Во втором анекдоте, “Двадцати минутах с ангелом”, продолжаются и тема маски, и тема нравственной невменяемости: шутовская выходка двух похмельных экспедиторов приводит к чисто театральному явлению “ангела”, предлагающему безвозмездно сто рублей и театральным же реакциям всех обитателей гостиницы “Тайга”, каждый из которых ведет свою “арию”, и все они звучат одновременно. Показательно, что жильцы гостиницы “Тайга” представляют самые разные социальные группы — тут и интеллигенты (скрипач Базильский) и “пролетарии” (шофер Анчугин, экспедитор Угаров), тут и старшее поколение (коридорная Васюта) и младшее (пара студентов-молодоженов), но все они сходятся в том, что человек не может просто так, без злого умысла, подарить незнакомым людям сто рублей (“просто так ничего не бывает”), и все они соучаствуют в страшноватой сцене, в которой “ангела” Хомутова привязывают к стулу и подвергают натуральному допросу. Неверие в возможность бескорыстного добра — вот что создает эту “эпическую ситуацию” навыворот — не ценности, а глубочайшее разочарование в идеалах, вот что объединяет людей. Когда же выясняется, что “ангел” Хомутов — может быть, более грешен, чем все они вместе, и что деньги, которые он предлагает двум похмельным командировочным, он пять лет забывал отправить матери, которую он только что похоронил, — вот тут наступает катарсис всепрощения и братанья. Но это иронический катарсис: и то, что все включаются в пьянку, и то, что Хомутов ободряет себя пошлой риторикой (“Да нет, товарищи, ничего, ничего. Жизнь, как говорится, продолжается”), и то, что все только что скандалившие голоса и даже скрипка Базильского сливаются в песне об одичании (“… бежал бродяга с Сахалина звериной, узкою тропой”), — всё это подчеркивает невозможность подлинного очищения. В “Провинциальных анекдотах” Вампилов, быть может, острее, чем где-либо, зафиксировал распад нравственного сознания не как проблему отдельных индивидуумов, а как норму, определяющую существование всего общества в целом.

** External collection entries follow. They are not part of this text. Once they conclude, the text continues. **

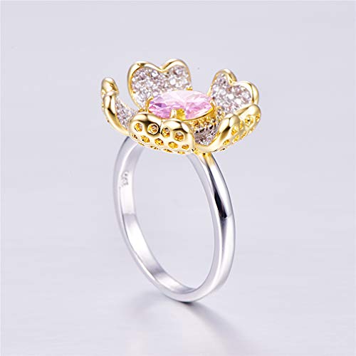 Yazilind - Anello nuziale in argento Sterling 925 con zirconia cubica a forma di fiore e zirconia cubica e Argento, 11, colore: rosa, cod. 1058R9540--6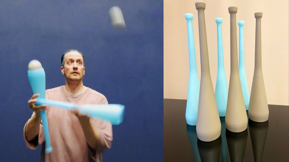 Drew et Jay sont passés par plusieurs itérations, utilisant l'impression 3D pour tester chaque nouvelle modification. L'étape suivante consistait à affiner la forme de la coupe pour qu'elle s'adapte parfaitement à une balle. Il y a un équilibre délicat entre la visibilité de la balle dans la coupelle et la facilité avec laquelle il serait possible de l'attraper. Maintenant en phase finale, cette collaboration a été rejointe par Niels Duinker, qui a utilisé son expérience dans la production de sa massue bouteille pour convertir toute cette R&D dans la nouvelle massue Cuphead. Elle est maintenant ici en vente chez NetJuggler :-)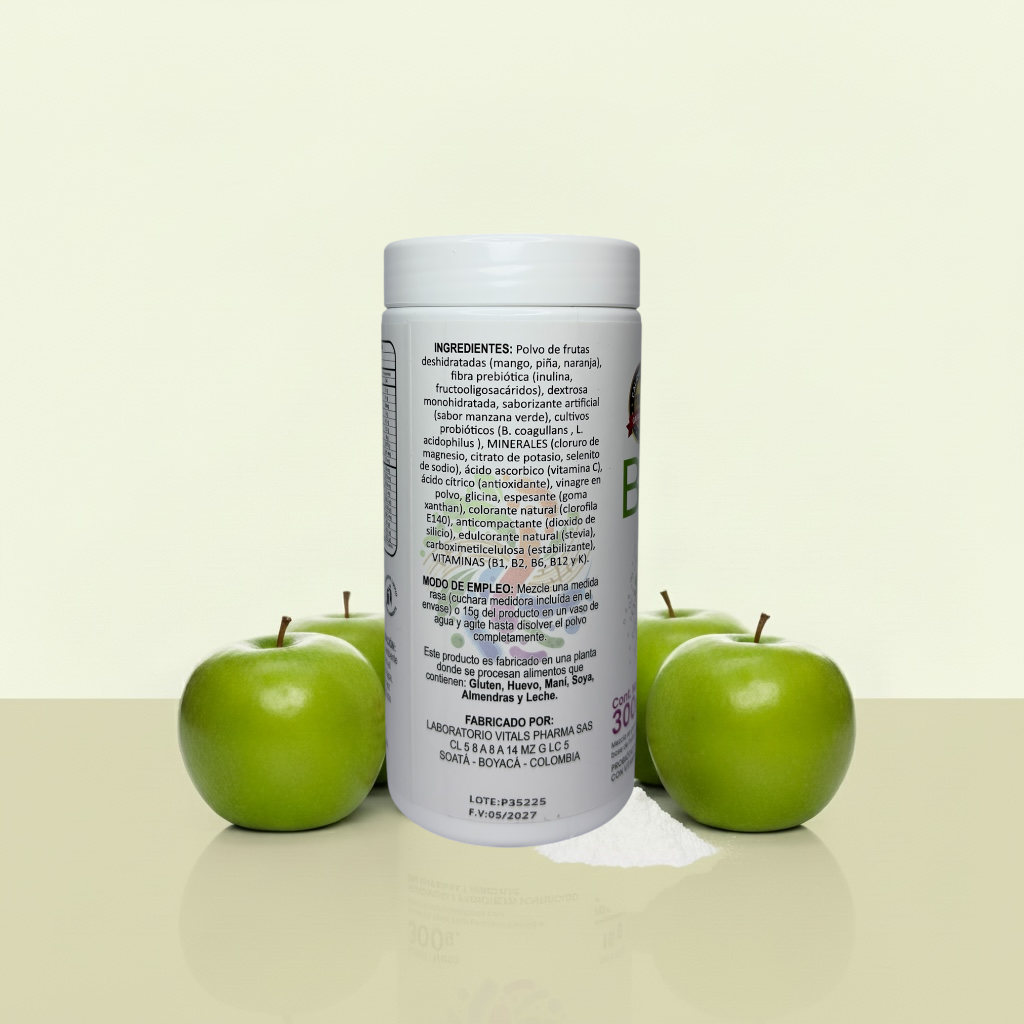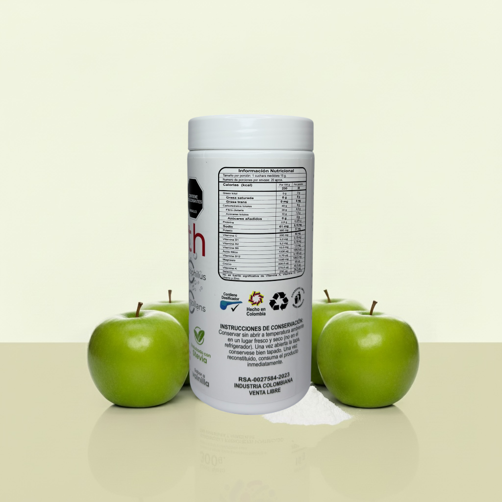 BioProth es un nutracéutico en polvo formulado con fibra prebiótica(INULINA Y FOS), cultivos probióticos(BACILOS COAGULLANS Y LACTOBACILOS ACIDOPHILUS), vitaminas y minerales esenciales, diseñado para apoyar el equilibrio del microbiota intestinal y contribuir al adecuado funcionamiento del sistema digestivo.

Именно в этом контексте следует воспринимать “Утиную охоту” (1971) — центральный персонаж которой, Виктор Зилов, в полной мере отвечает характеристике “герой нашего времени”, представляя собой “портрет, составленный из пороков всего нашего поколения в полном их развитии”5. К нему подходят и классические характеристики “лишнего человека” (на это впервые обратил внимание критик Вик. Топоров): так же, как Печорин, “бешено гоняется он за жизнью”, стремясь реализовать свой недюжинный личностный потенциал, точно так же тоскует по чистому идеалу (мотив “утиной охоты) и, не находя соответствия своим мечтам в реальности, мстительно разрушает всё вокруг, не находя иного применения своей энергии, кроме “экспериментальных романов”, злых шалостей и саморастраты (кстати, сознательная ориентация Вампилова на лермонтовский шедевр подчеркивается еще и тем, что бывшую возлюбленную Зилова, как и бывшую возлюбленную Печорина, зовут Верой). Критиками отмечалась сверхтекучесть характера Зилова в сочетании с яркостью и талантливостью. Он самый свободный человек во всей пьесе — и именно поэтому он способен на самые непредсказуемые и самые циничные поступки, поскольку у него отсутствуют всякие сдерживающие тормоза. Он явственно продолжает тип “исповедального” героя “молодежной прозы”, артистически создавая атмосферу крайней душевной откровенности вокруг себя, но отличить действительную искренность от игры в искренность (сцена с Галей, когда они пытаются “повторить” их первое свидание) в его случае совершенно невозможно. Зилов — это победительный герой шестидесятых, которому нет места в тусклом безвременье надвигающегося “застоя”, — именно эту, социологическую, сторону своего персонажа имел в виду Вампилов, когда писал о “потерянном поколении”. Его аморальность — это бунт против псевдоморали; как говорит сам Зилов в кульминационной сцене пьесы: “Ах да! Конечно! Семья, друг семьи, невеста — прошу прощения!.. (Мрачно) Перестаньте. Кого вы тут обманываете? И для чего? Ради приличия?.. Так вот, плевать я хотел на ваши приличия. Слышите? Ваши приличия мне опротивели”.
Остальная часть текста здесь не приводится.